ACTION ITEM: Take nothing but the lines from the one with "Verwalten Sie unterschiedliche" through the one with "他在画布上画了发灰的黑板又在" in the entries below, both ends kept, and return them exactly with pictures left out.

┏━━

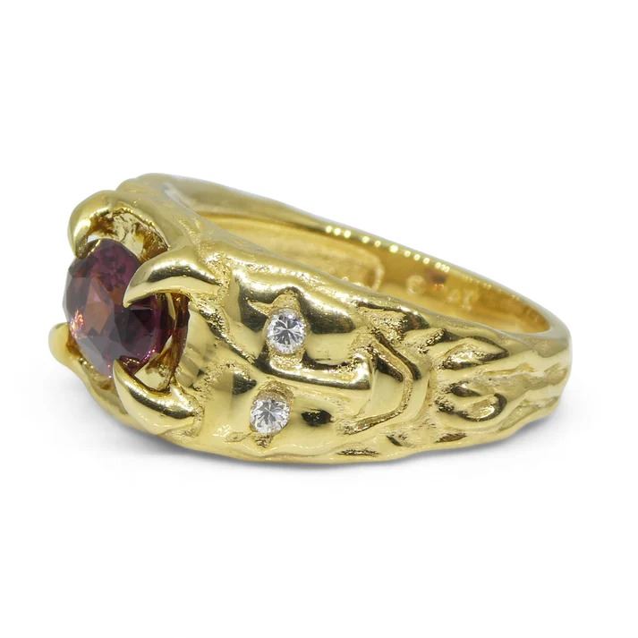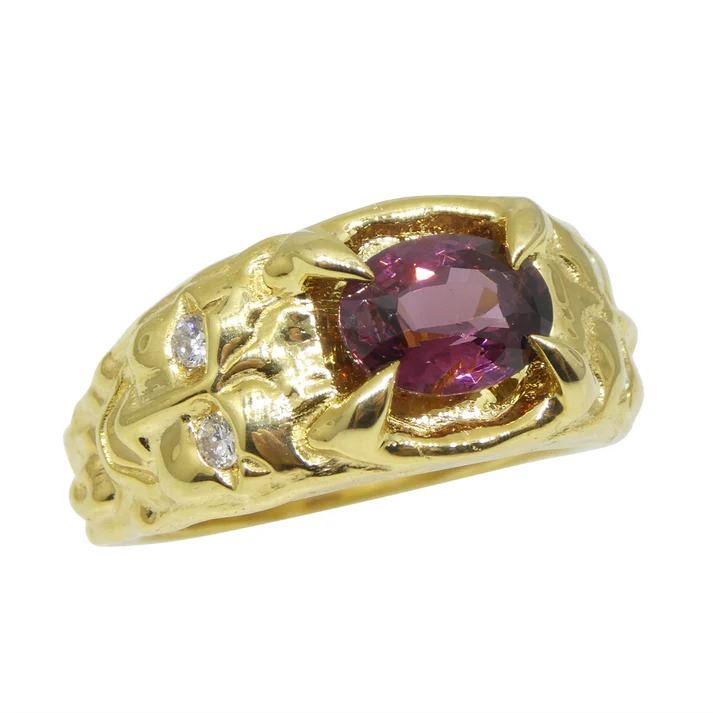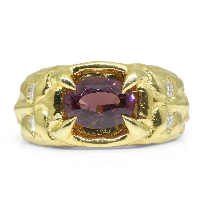 Impressive 2.11 Ct Pink Spinel is an oval brilliant cut measuring 9.12 x 6.92 x 4.51 mm. This investment-grade spinel is set in 14k Yellow Gold and is accented with natural diamond accent stones. It reveals a medium dark tone with strong saturation. Get ready for the compliments on this one!!! The ring is currently a size 8.75, it can be resized for free after purchase. Origin: Sri Lanka. Total Weight of Item: 13.32g.
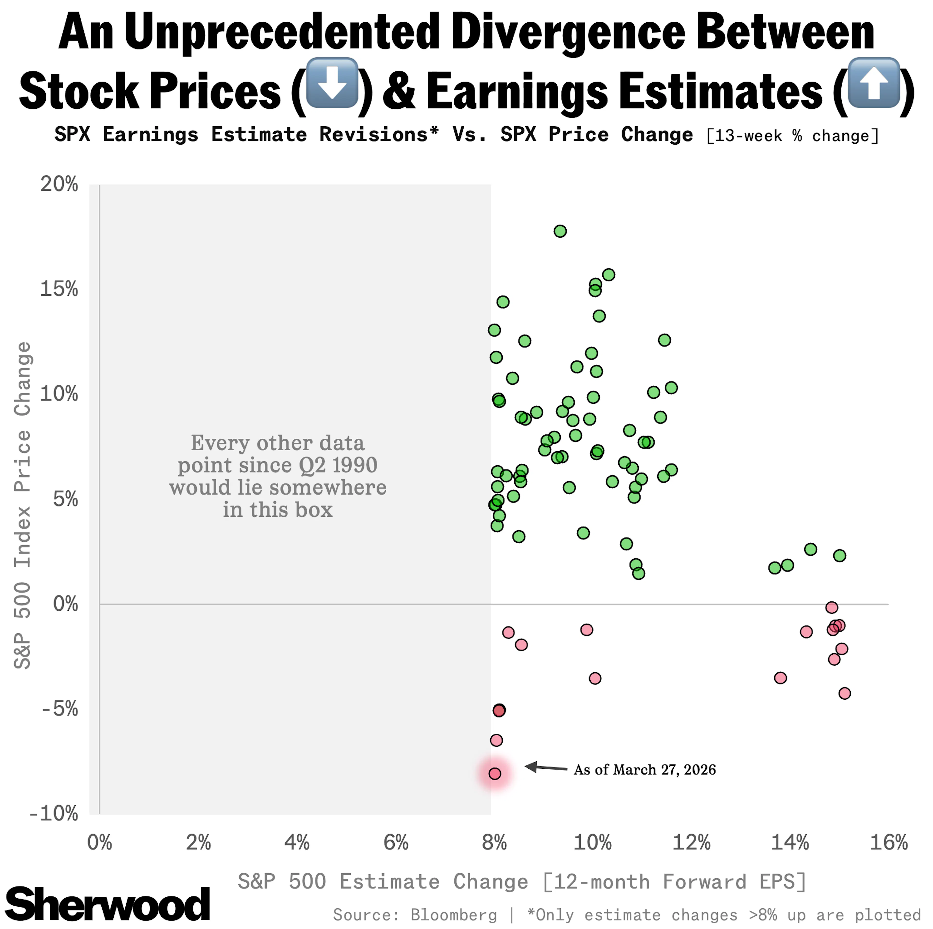 Stocks have never been down this much when earnings estimates have risen by this much, based on data going back to Q2 1990.
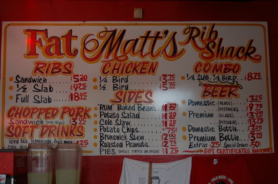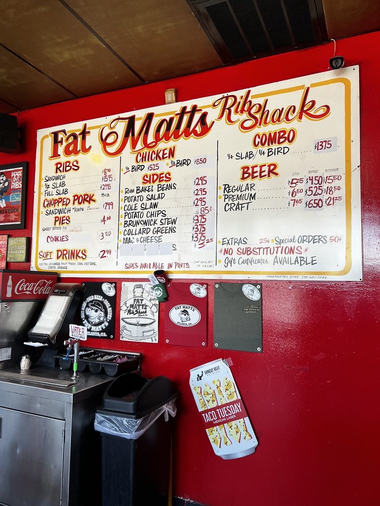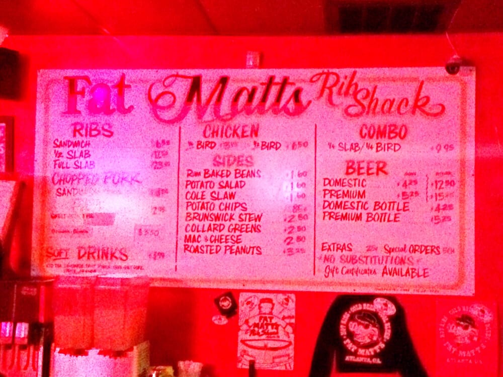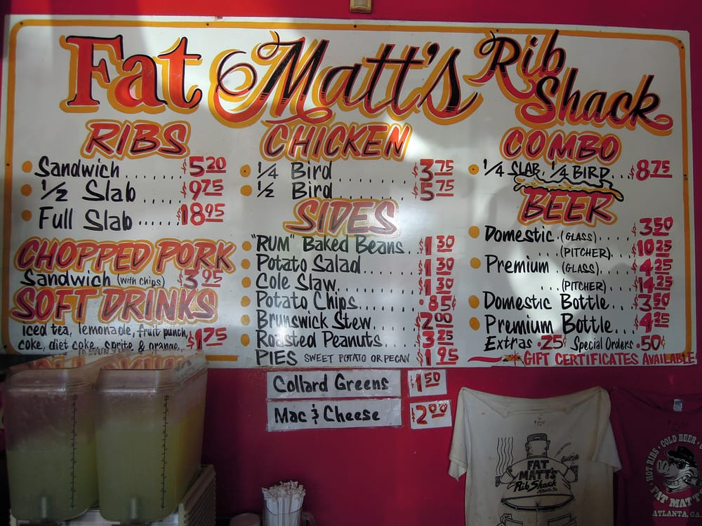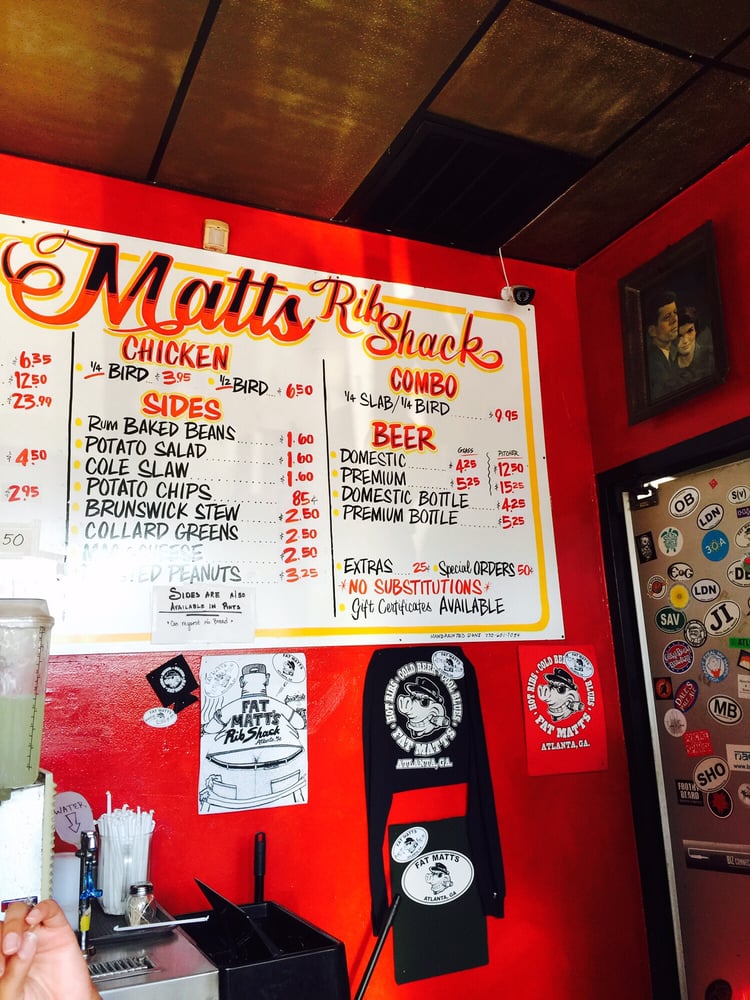 Introducing the menu at Fat Matt's Rib Shack, a beloved American barbeque spot in Atlanta. With a focus on ribs that are tender, smoky, and perfectly seasoned, this joint has won over the hearts of locals and visitors alike. The pulled pork sandwich and chicken breast sandwich are also standout dishes, with rich, juicy flavors that will leave you craving more. The homemade sides like collard greens and potato salad are top-notch, adding to the whole experience. The laid-back atmosphere, friendly service, and live music give this place a genuine, local feel that keeps customers coming back for more. Whether you're a BBQ aficionado or just looking for a memorable dining experience, Fat Matt's Rib Shack is a must-try in Atlanta.
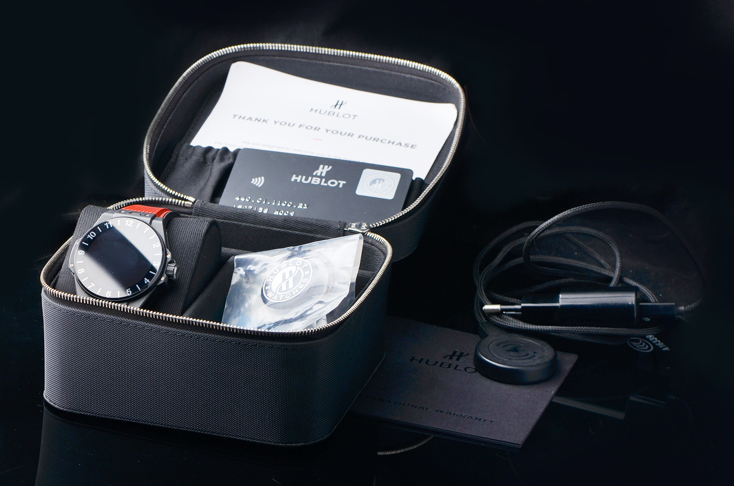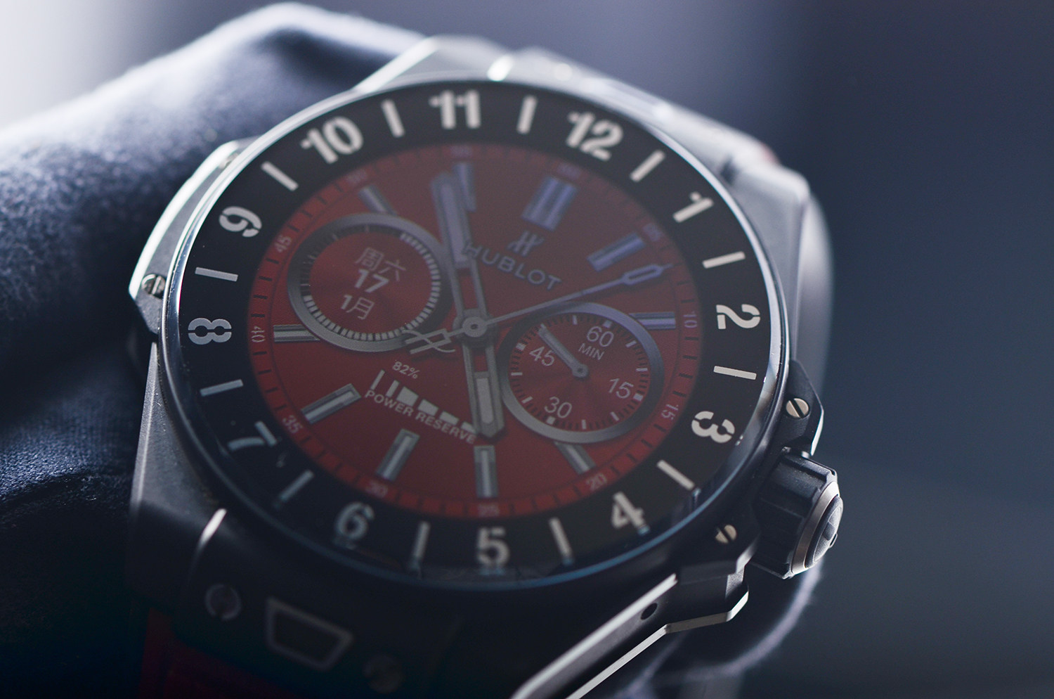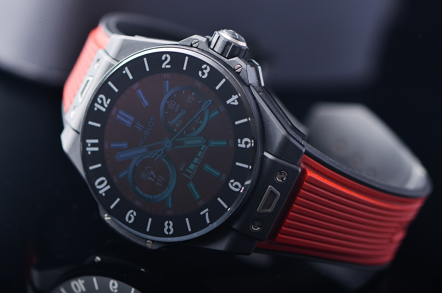 大爆炸系列黑陶瓷及钛42MM折叠扣胶带智能腕表
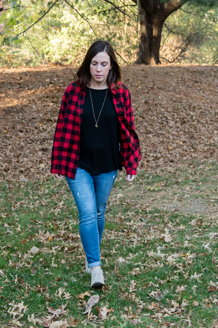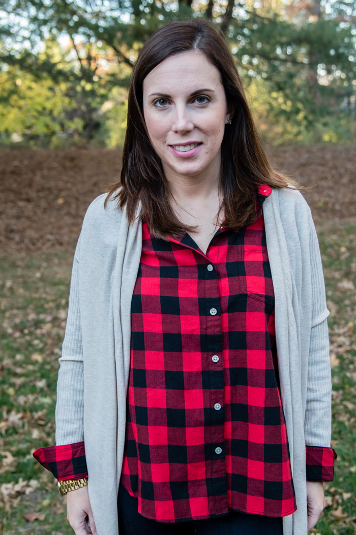 Every Fall, there are certain pieces in my closet that I tend to wear over and over. I tend to wear a variety of classic and trendy items. So far I've shared my love for the chambray shirt, utility vest, and my favorite Fall shoes. Today, I'm teaming up with some of my favorite blogging friends again to share another one of my most favorite fall classics... plaid! I am a huge fan of plaid button down shirts and can often be found wearing a plaid scarf! But I'm not the only lover of plaid, Beth at Our Pretty Little Girls, Whitney at Work It Mommy, and Becky at BYBMG are also sharing their favorite ways to wear plaid today!
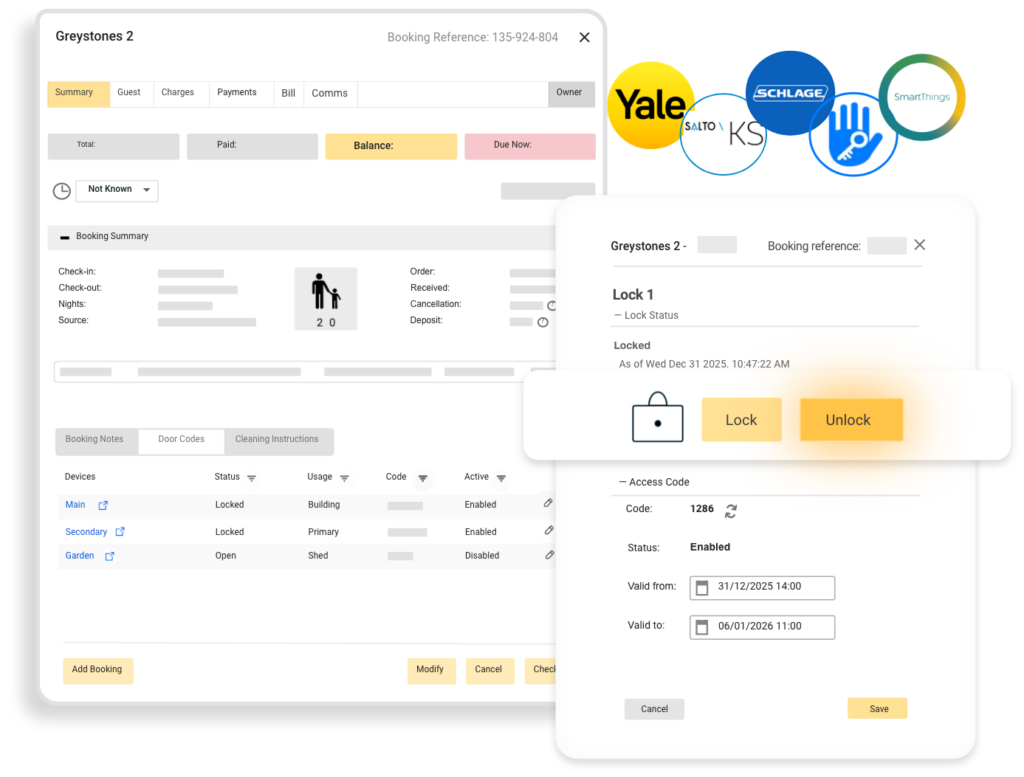 Verwalten Sie unterschiedliche Arten und Ebenen von Smart Locks zentral – entweder über ein einziges, zentrales Geräte-Dashboard oder direkt innerhalb einer Buchung.
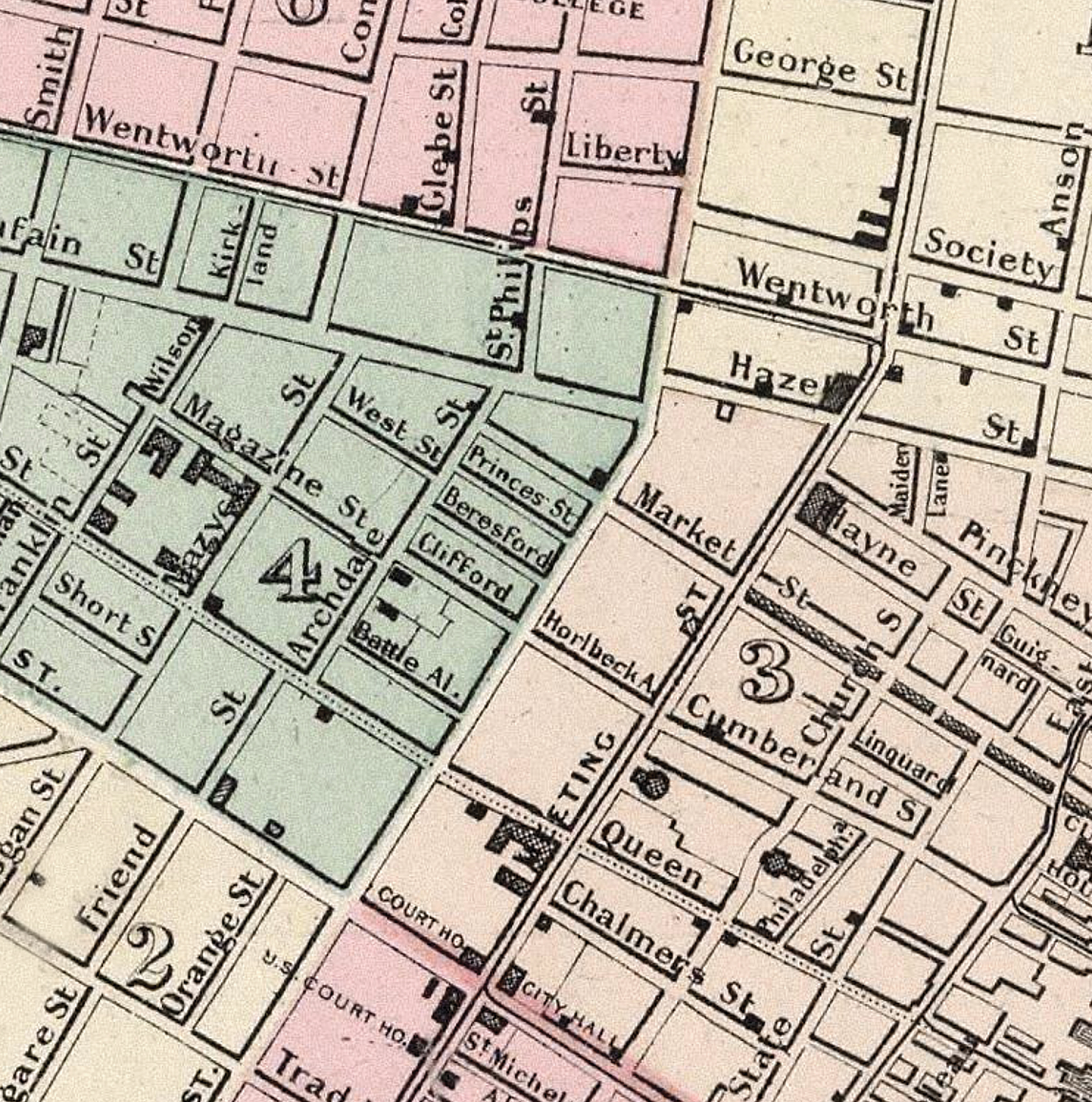 • Authentic reproduction of an 1886 Charleston city map
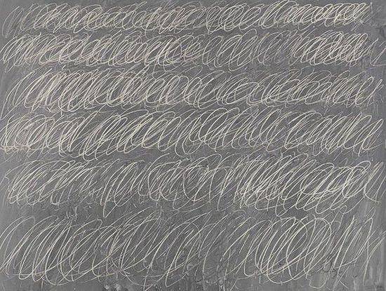 他在画布上画了发灰的黑板又在黑板上画了六行连续的圆圈,风格看起来非常随意。“虽然乍一看让人不得要领,仔细品味却能发现他已将其神韵悉数捕捉……汤伯利在欧洲历史和古典神秘主义的熏陶下,他的笔触变得率性,本能且主观”。
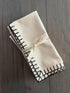 Set de 4 servilletas de lino y algodón crudo orilladas a mano con hilo color negro.
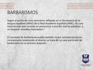 El documento describe diferentes tipos de vicios del lenguaje como barbarismos (palabras mal pronunciadas o escritas), marcas comerciales usadas como sustantivos comunes, anglicismos, solecismos (falta de concordancia), ambigüedad, redundancia, preposiciones mal empleadas, dequeísmo y vaguedad. Define cada uno de estos conceptos y proporciona ejemplos.
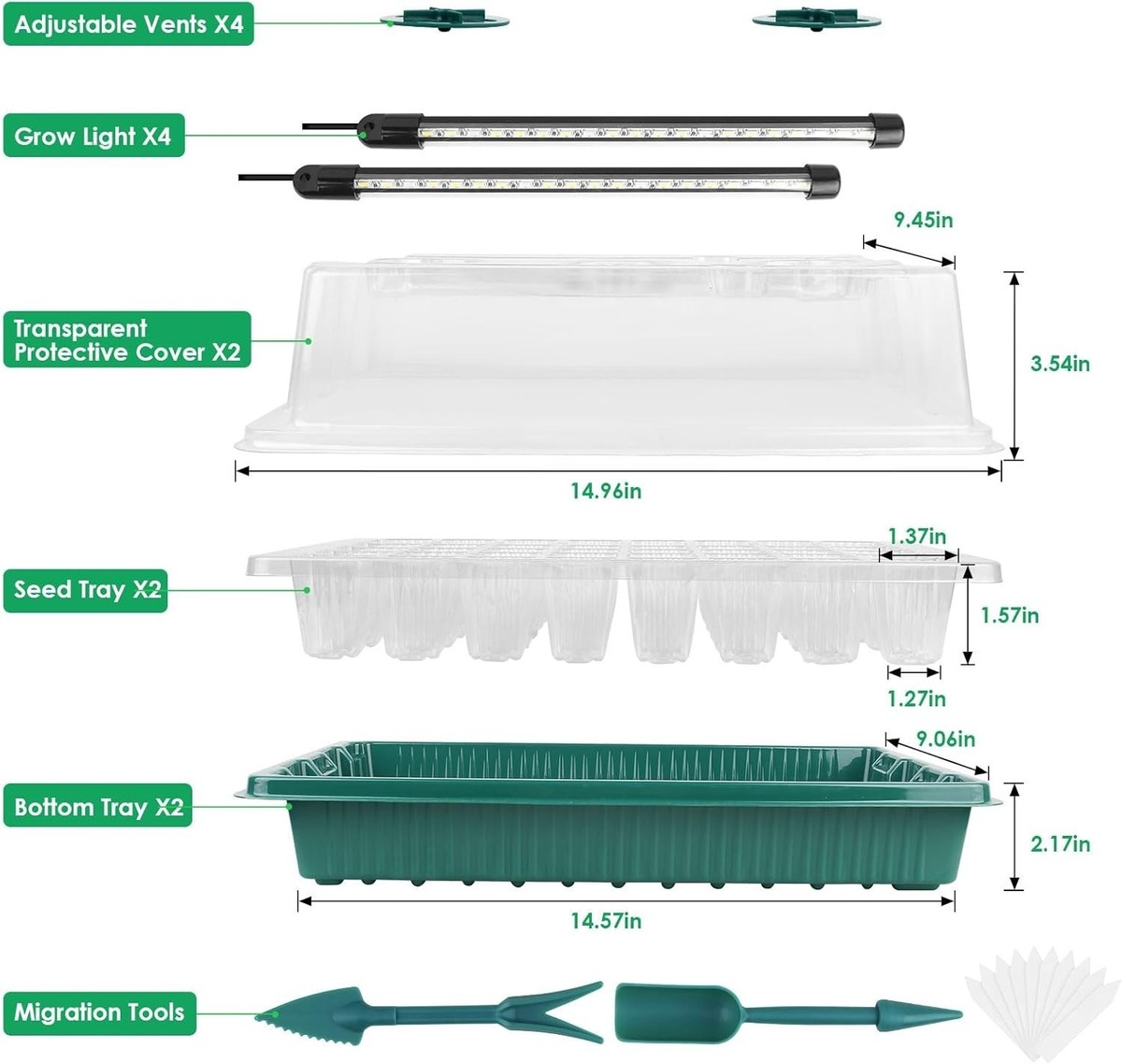 Spacious Seedling Starter Trays with Grow Lights – Perfect for Indoor Gardening

┗━━

EXERCISE RESPONSE:
 Verwalten Sie unterschiedliche Arten und Ebenen von Smart Locks zentral – entweder über ein einziges, zentrales Geräte-Dashboard oder direkt innerhalb einer Buchung.
 • Authentic reproduction of an 1886 Charleston city map
 他在画布上画了发灰的黑板又在黑板上画了六行连续的圆圈,风格看起来非常随意。“虽然乍一看让人不得要领,仔细品味却能发现他已将其神韵悉数捕捉……汤伯利在欧洲历史和古典神秘主义的熏陶下,他的笔触变得率性,本能且主观”。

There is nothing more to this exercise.